2. Wer statt in dem Krankenhaus, in das er eingeliefert worden ist, in einem heimatnahen Krankenhaus behandelt werden will, bestimmt das "Ob" seines Transports; der behandelnde Arzt bestimmt nur noch das "Wie". Auch diese Entscheidung ist dem Patienten jedenfalls dann zuzurechnen, wenn er die Leistung tatsächlich in Anspruch nimmt.

3. Unerheblich für die Kostenpflicht ist, ob der Betroffene die Höhe der Kosten kennt oder ob er darüber aufgeklärt worden ist.

OVG-SACHSEN-ANHALT – Beschluss, 2 L 31/02 vom 29.10.2003

1. Der "Vorteil" des § 6 Abs. 1 Satz 1 KAG LSA besteht bei Ausbaumaßnahmen darin, die Straße in Anspruch nehmen zu können.
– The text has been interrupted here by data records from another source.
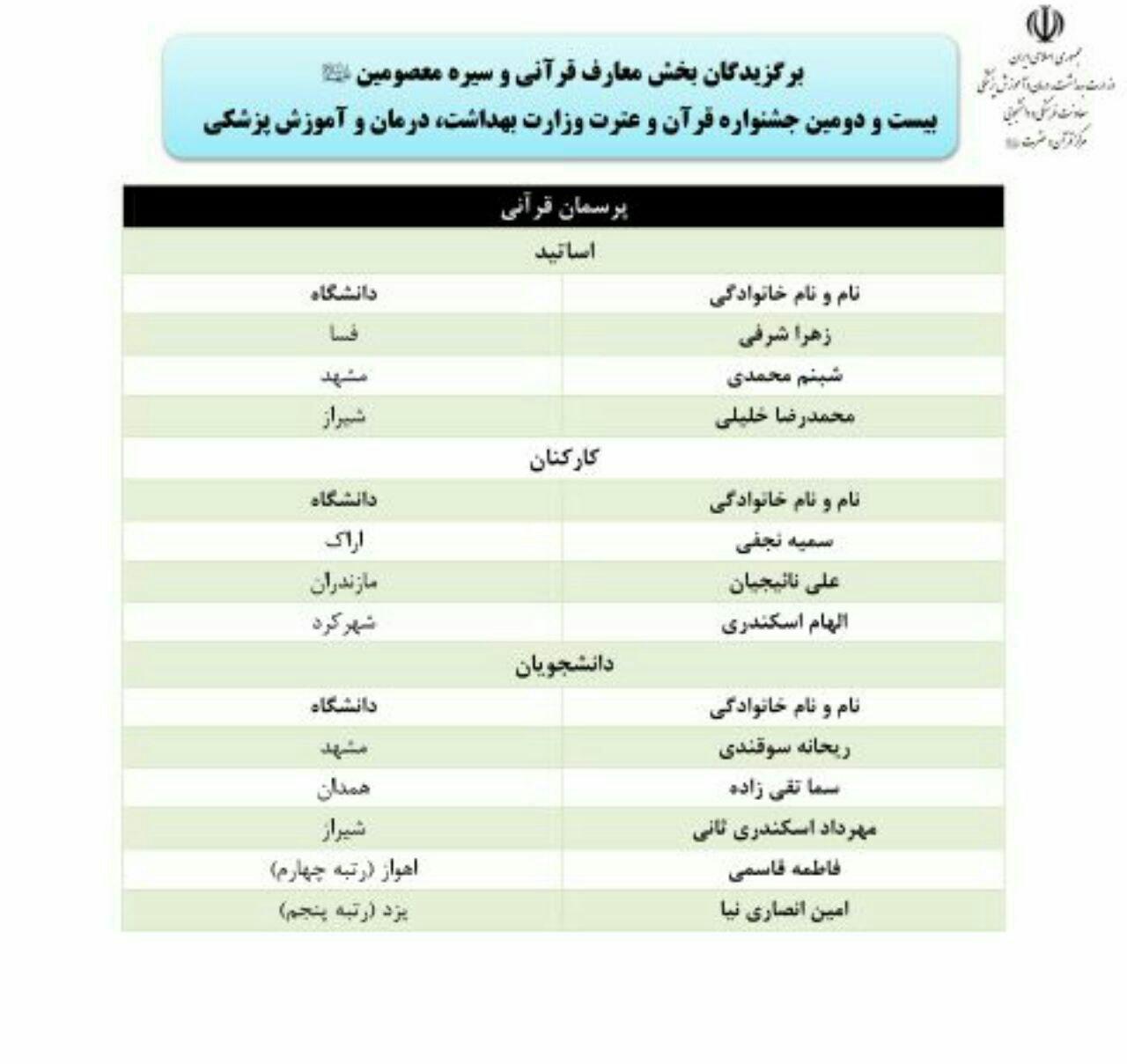 کسب عنوان رتبه برتر کشوری در رشت پرسمان قرانی در بیست و دومین جشنواره قران و عترت وزارت بهداشت، درمان و آموزش پزشکی |
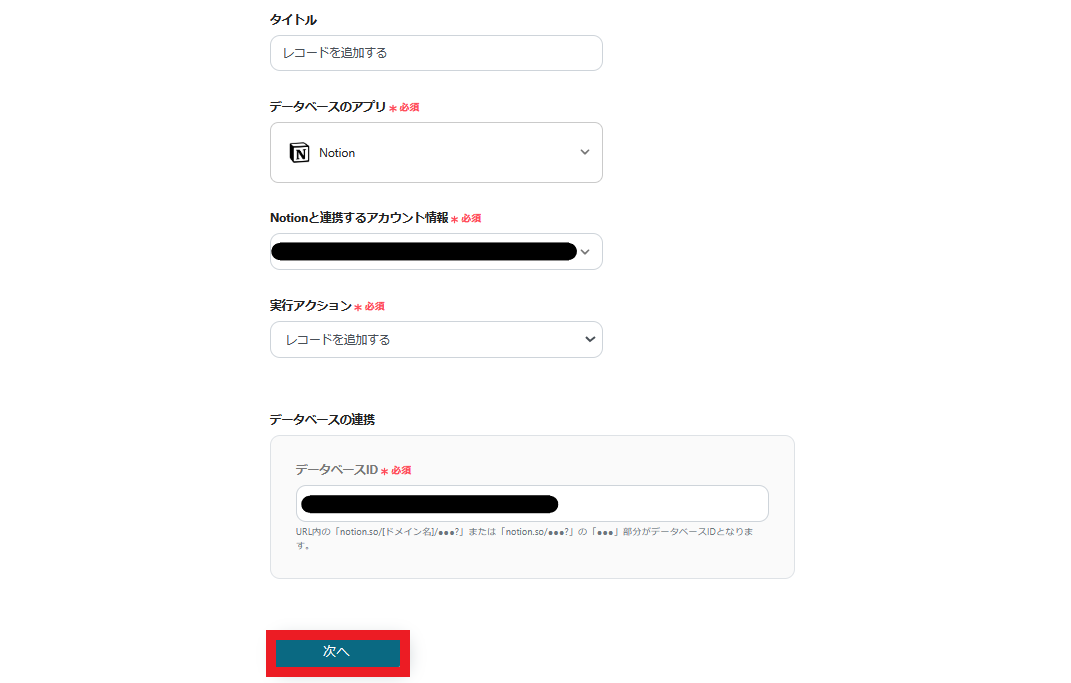 データベースIDは、入力欄をクリックすると候補が表示されるので、その中から選択してください。
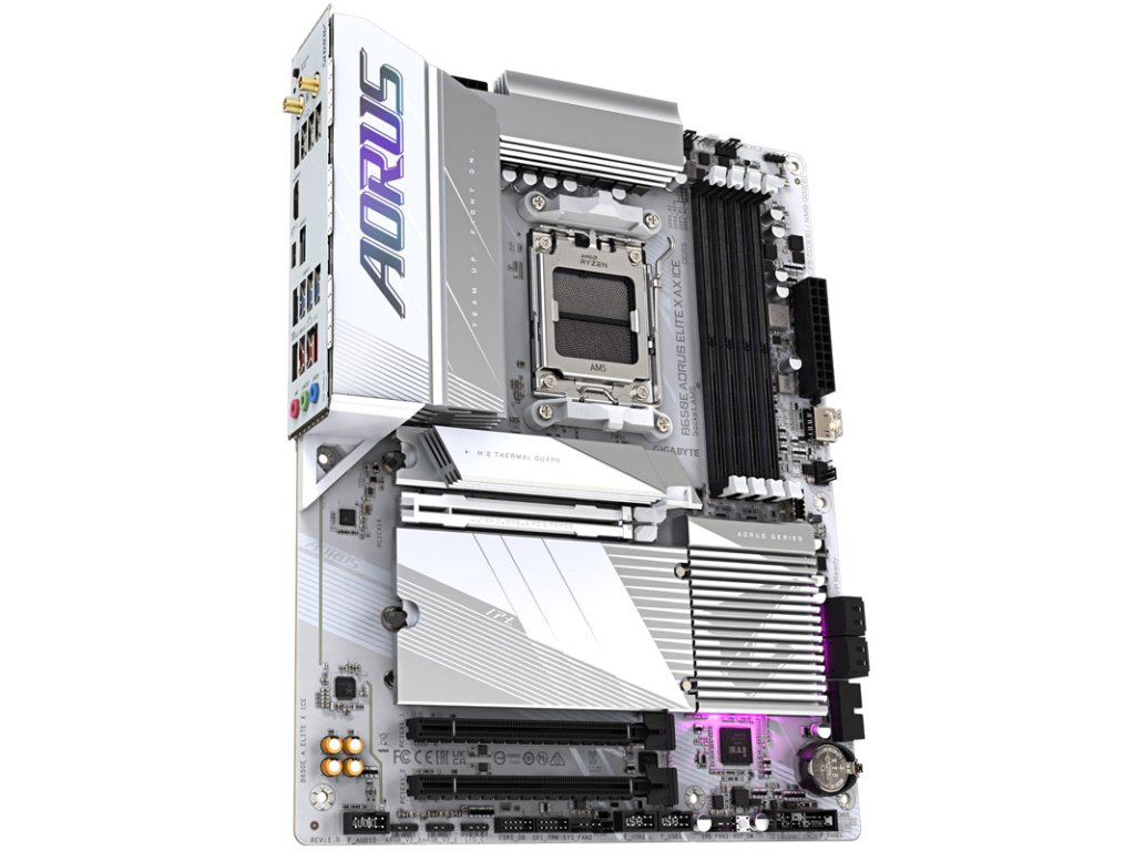 GIGABYTE B650E AORUS Elite AX ICE je vybavená čipovou sadou B650E pre procesory AMD radu Ryzen 7000 a ponúka množstvo funkcií pre overclockerov a hráčov. Keďže procesory Ryzen 7000 vyžadujú novú päticu kvôli podpore PCIe 5.0 a rozšírenému napájaniu, na základných doskách série 600 sa používa pätica AM5 (LGA 1718). Napriek zvýšenému počtu pinov zostáva skutočná veľkosť socketu identická so staršími socketmi, čo znamená, že na základnú dosku možno namontovať aj väčšinu chladičov CPU pre socket AM4.
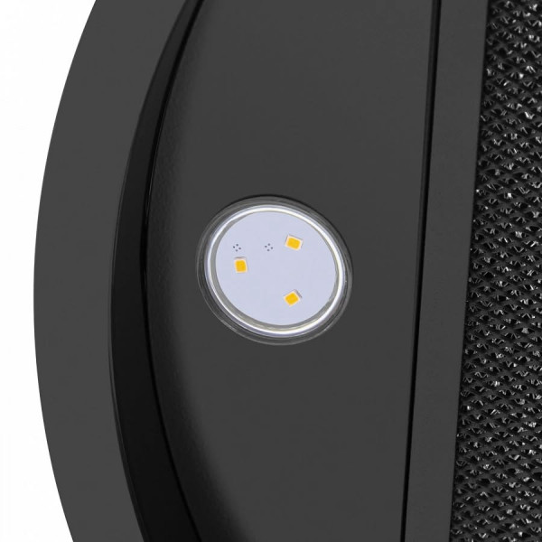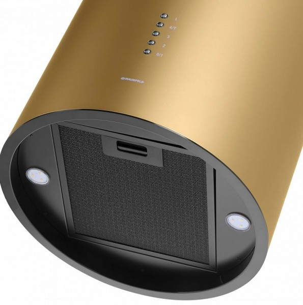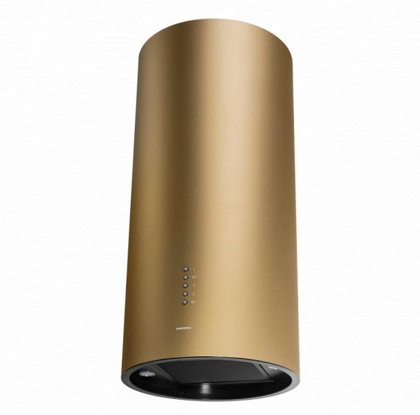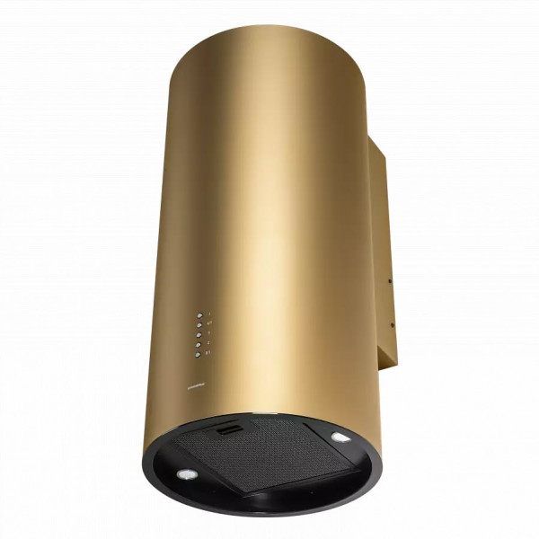 Корпус цилиндрической формы, сделанный из нержавеющей стали с термостойким покрытием, монтируется на стену над варочной поверхностью. Нижний торец вытяжки выполнен в черном акцентном цвете. Специальный многослойный жироулавливающий фильтр легко снимается и полностью разбирается, что сильно упрощает его чистку.

Einen solchen "Vorteil" hat auch das Hinterliegergrundstück dann, wenn es dem Eigentümer des an die Straße angrenzenden Grundstücks gehört und die Straße über dieses erreicht werden kann.

2. Dass eine Zuwegung beim Entstehen der sachlichen Beitragspflicht bereits besteht, ist ebenso wenig erforderlich wie eine einheitliche oder gleichartige Nutzung beider Grundstücke.

OVG-SACHSEN-ANHALT – Beschluss, 2 L 32/03 vom 29.10.2003

1. Das Hinterliegergrundstück hat bei sog. Eigentümerverschiedenheit (beim Anlieger- und beim Hinterliegergrundstück) nur dann einen Vorteil von der Straßenausbaumaßnahme, wenn der Zugang zur Straße dauerhaft gesichert ist (wie OVG LSA, Beschl. v. 06.05.2003 - 2 M 39/02 -).

2. Diese Voraussetzungen sind bei einem Notwegerecht des § 917 BGB erfüllt.

OVG-SACHSEN-ANHALT – Beschluss, 2 L 32/02 vom 29.10.2003

1. Das Hinterliegergrundstück hat bei sog. Eigentümerverschiedenheit (beim Anlieger- und beim Hinterliegergrundstück) nur dann einen Vorteil von der Straßenausbaumaßnahme, wenn der Zugang zur Straße dauerhaft gesichert ist (wie OVG LSA, Beschl. v. 06.05.2003 - 2 M 39/02 -).

2. Diese Voraussetzungen sind bei einem Notwegerecht des § 917 BGB erfüllt.